Records excerpted from a collection

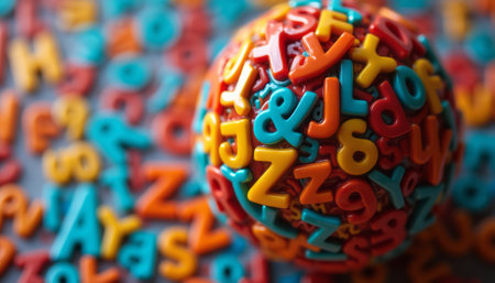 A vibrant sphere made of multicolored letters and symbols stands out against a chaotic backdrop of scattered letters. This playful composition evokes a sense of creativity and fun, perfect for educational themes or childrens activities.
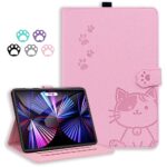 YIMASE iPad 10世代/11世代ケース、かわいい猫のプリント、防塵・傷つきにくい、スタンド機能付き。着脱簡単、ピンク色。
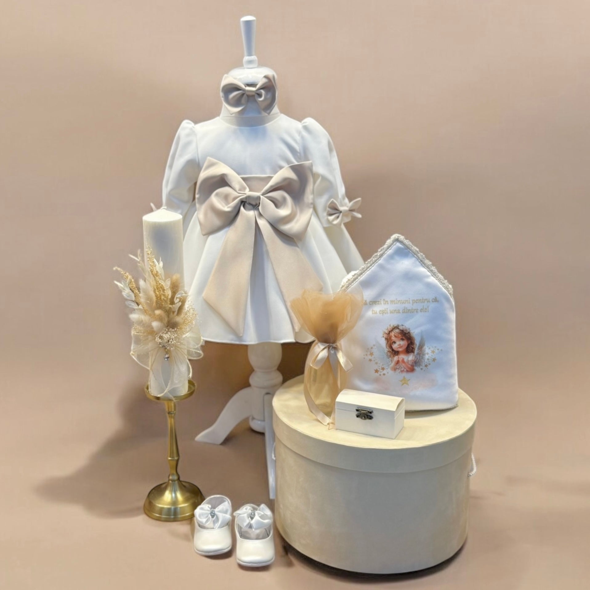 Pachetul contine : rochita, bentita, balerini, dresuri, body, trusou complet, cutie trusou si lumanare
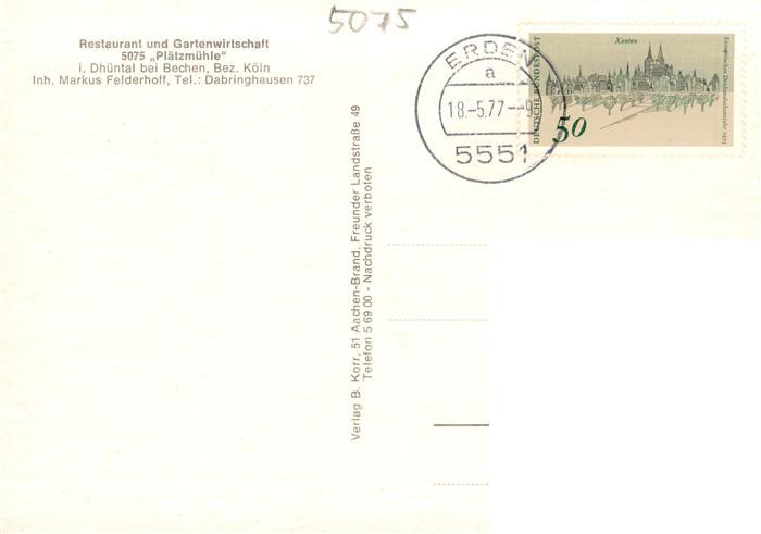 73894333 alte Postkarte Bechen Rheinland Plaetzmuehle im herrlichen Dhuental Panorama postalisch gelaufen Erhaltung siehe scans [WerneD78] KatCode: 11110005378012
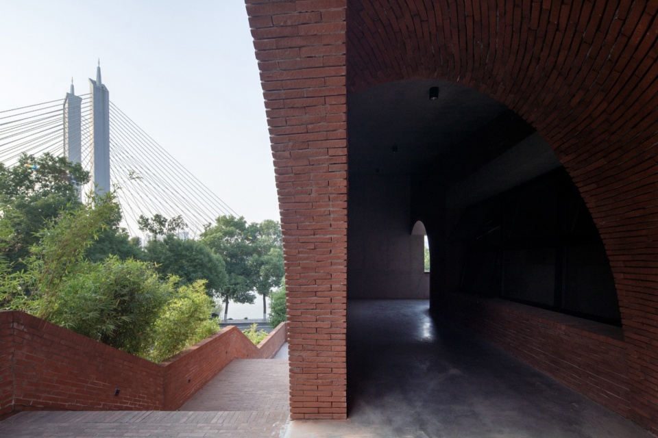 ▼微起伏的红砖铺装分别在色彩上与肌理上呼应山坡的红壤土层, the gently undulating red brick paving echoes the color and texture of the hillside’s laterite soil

### Your objective
In the data, the line that contains "trusou si lumanare" begins the part to write out; restate it and each line after it word for word through the end, with no pictures.

### Written solution
 Pachetul contine : rochita, bentita, balerini, dresuri, body, trusou complet, cutie trusou si lumanare
 73894333 alte Postkarte Bechen Rheinland Plaetzmuehle im herrlichen Dhuental Panorama postalisch gelaufen Erhaltung siehe scans [WerneD78] KatCode: 11110005378012
 ▼微起伏的红砖铺装分别在色彩上与肌理上呼应山坡的红壤土层, the gently undulating red brick paving echoes the color and texture of the hillside’s laterite soil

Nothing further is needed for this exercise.